Curator:
James Voorhies (lives and works in U.S.)
Description:
Modern architecture had high aspirations—no less than a radical change in the structure of society, or so was the hope of modernist architects. Figures such as Mies van der Rohe, Le Corbusier, and Adolf Loos pursued ideals of progress, rationality, and purity in their architecture, design, and urban planning. They experimented with technological advancements in glass, concrete, and steel in the domestic spaces they created. Modernist dwellings thus became catalysts for visionary ideas that eventually filtered into the public space, infusing large-scale architectural commissions. The dominating role of men in these fields, combined with the social and cultural conditions of the early twentieth century, precipitated a domestic design that was gendered masculine—and heterosexual. The effeminate, highly ornamental interiors of the belle époque, which had come to symbolize decadent and degenerate lifestyles, gave way to the purist, austere aesthetic of the modernist, single-family dwelling.
The Way We Live Now presents the work of 13 artists examining the interplay between modernist architecture and contemporary art through site-specific installations and existing works.
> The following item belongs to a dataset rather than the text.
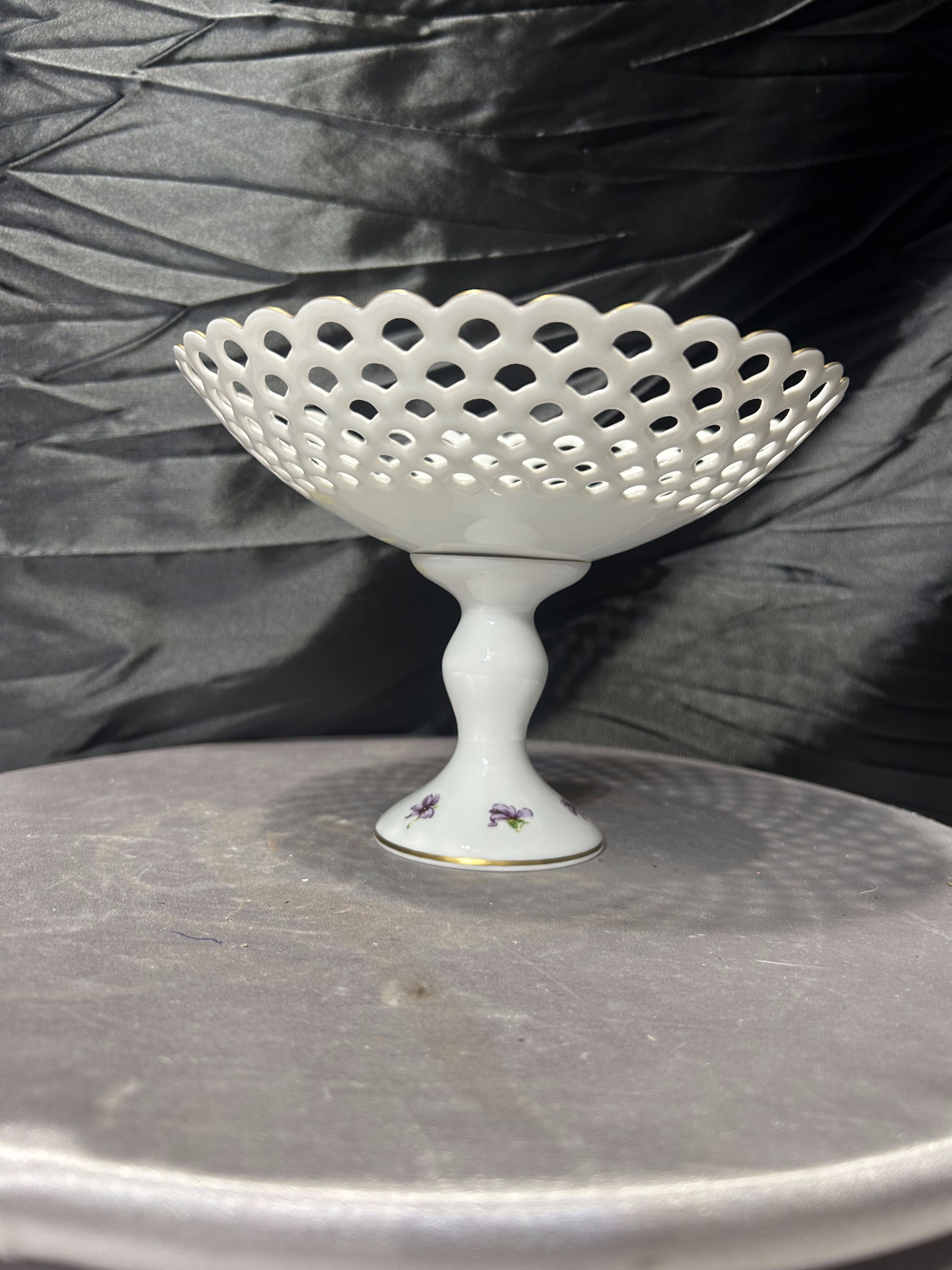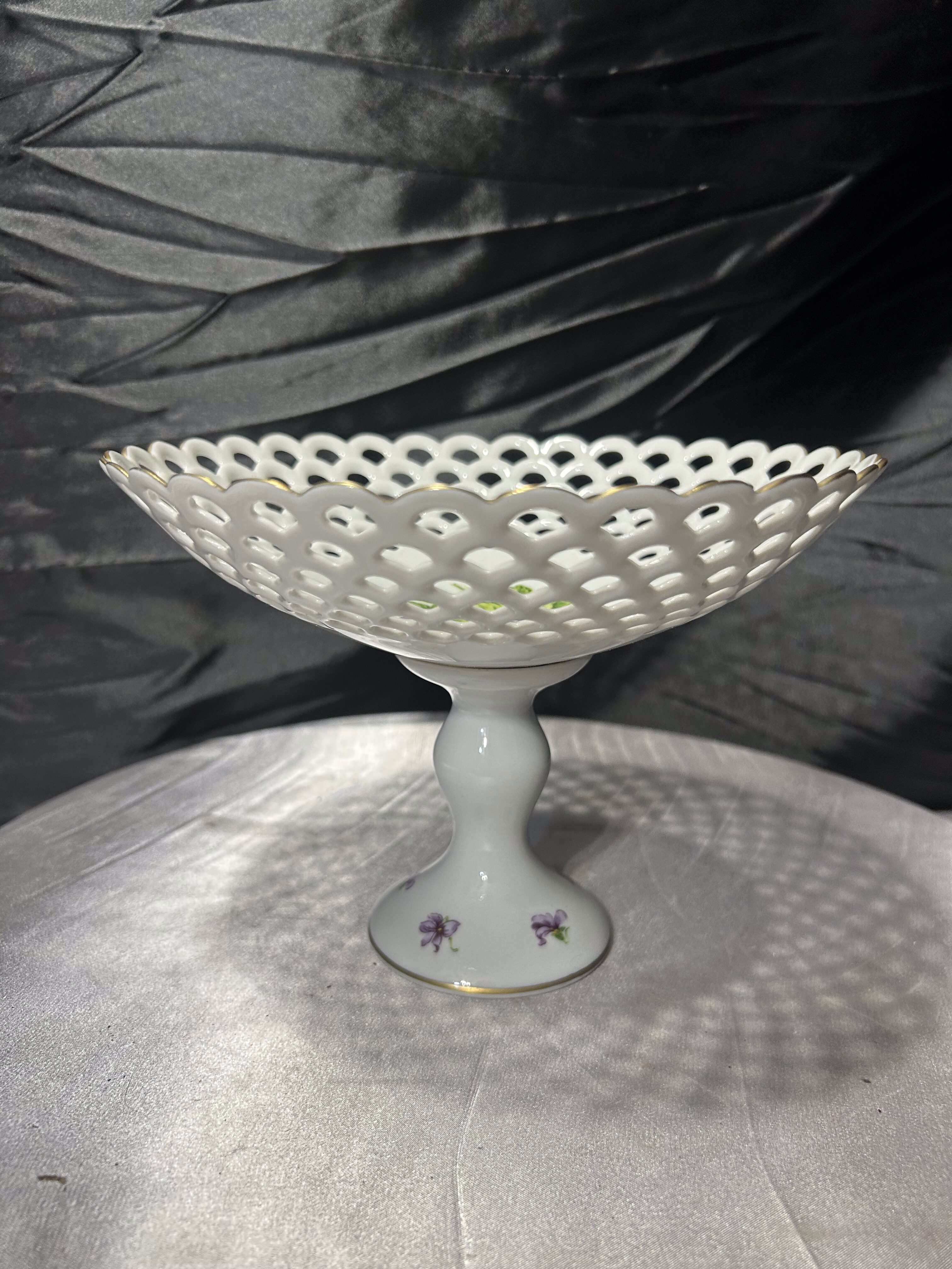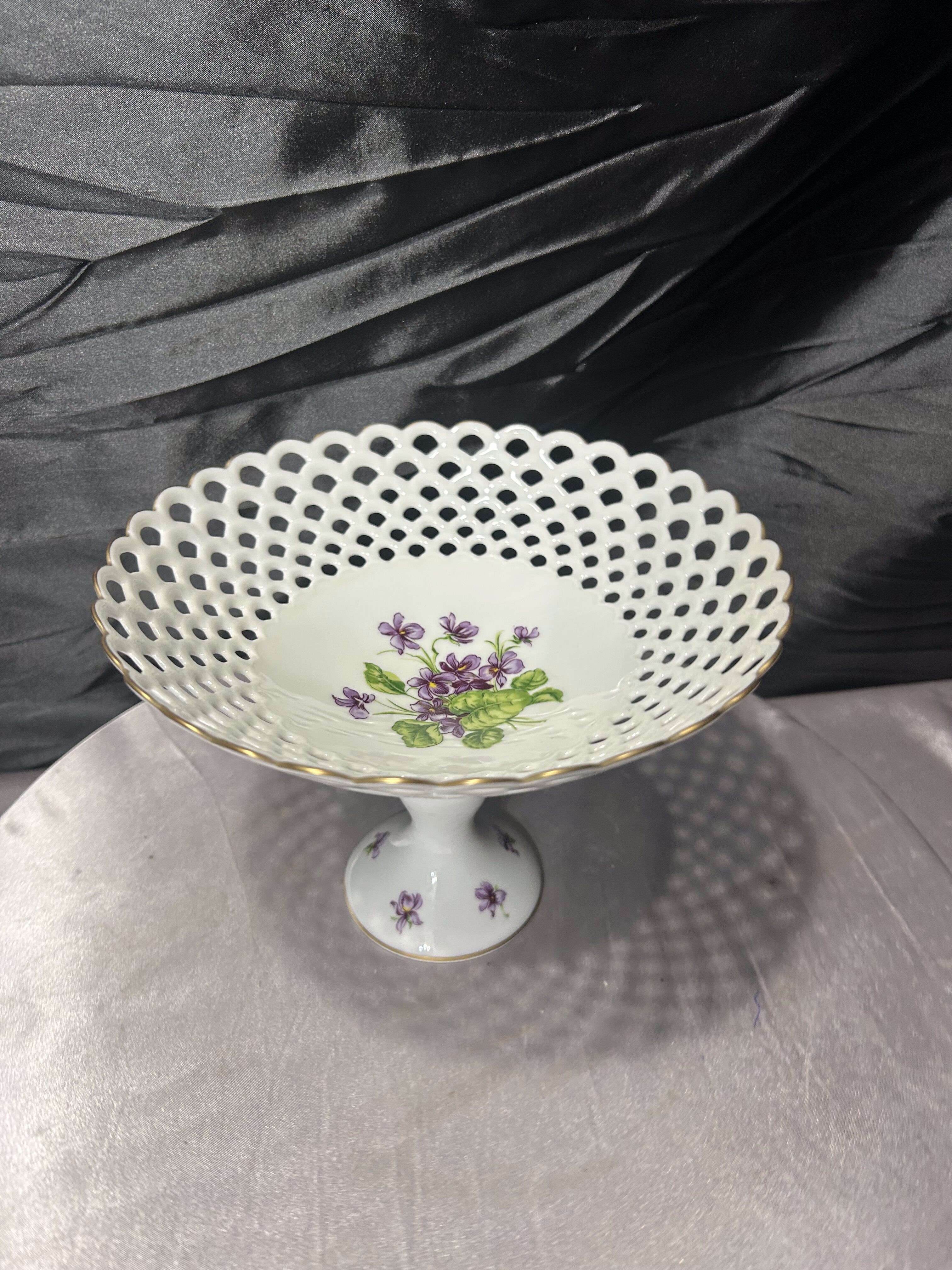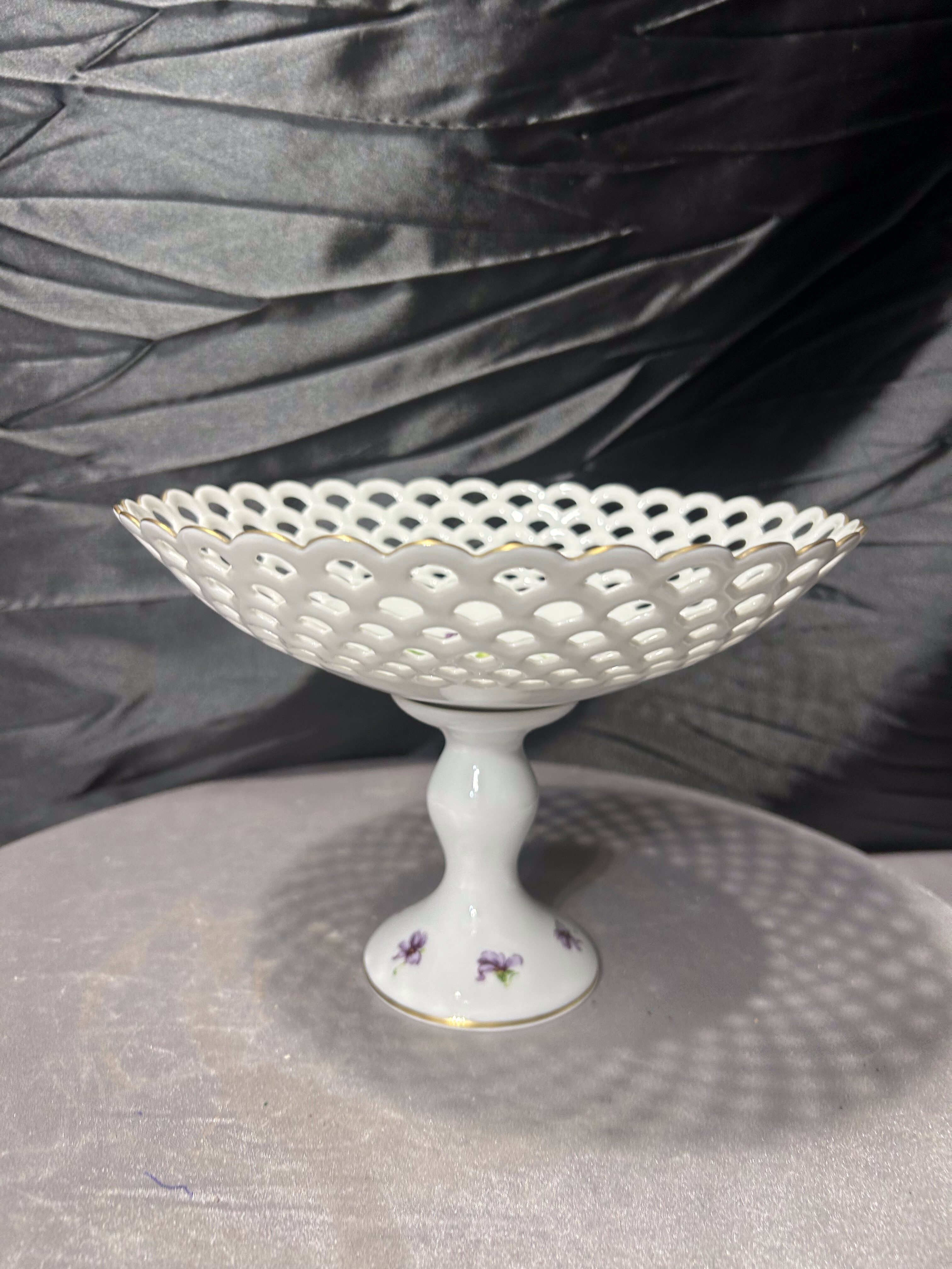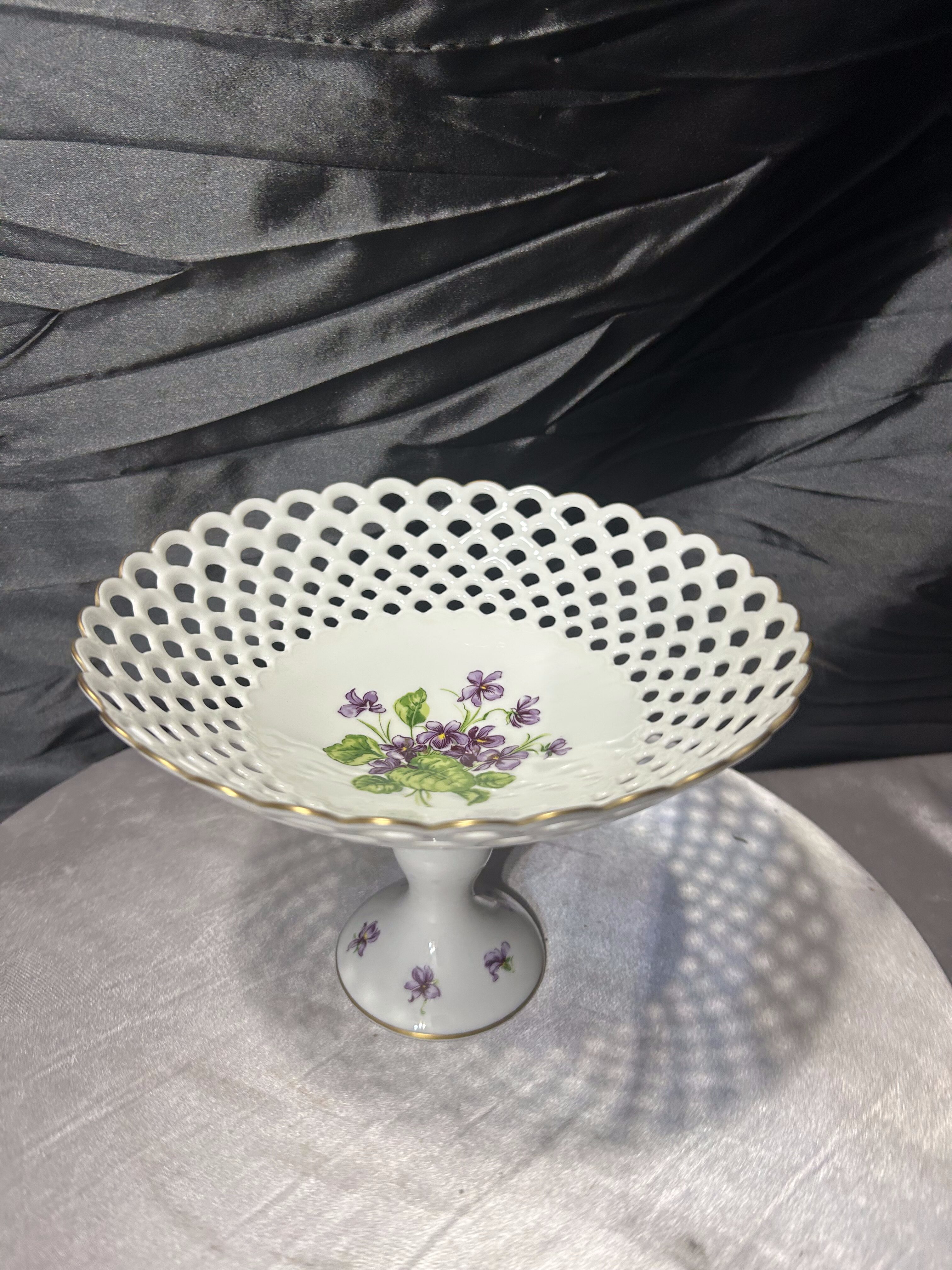 - Patera porcelanowa na nóżce – fioletowe kwiaty, ażurowy brzeg

These interfere with or rub against the site of exhibition, Le Corbusier’s majestic 1963 Carpenter Center building, and in some cases stand in direct dialogue with the legacy of high modernists Mies van der Rohe, Le Corbusier, Eileen Gray, Bruno Taut, Anne Tyng, Adolf Loos, and Lilly Reich. Works in the exhibition look at the aspirations of such figures and the modernist ethos in general, alongside the challenging visions and experimentations in architecture, art, and design that radically transformed the way we experience the built environment. The exhibition directs our attention to these modernists while critically engaging with the perceptual, social, and political implications of their ideologies on the future—in fact, on us—and the way we live now.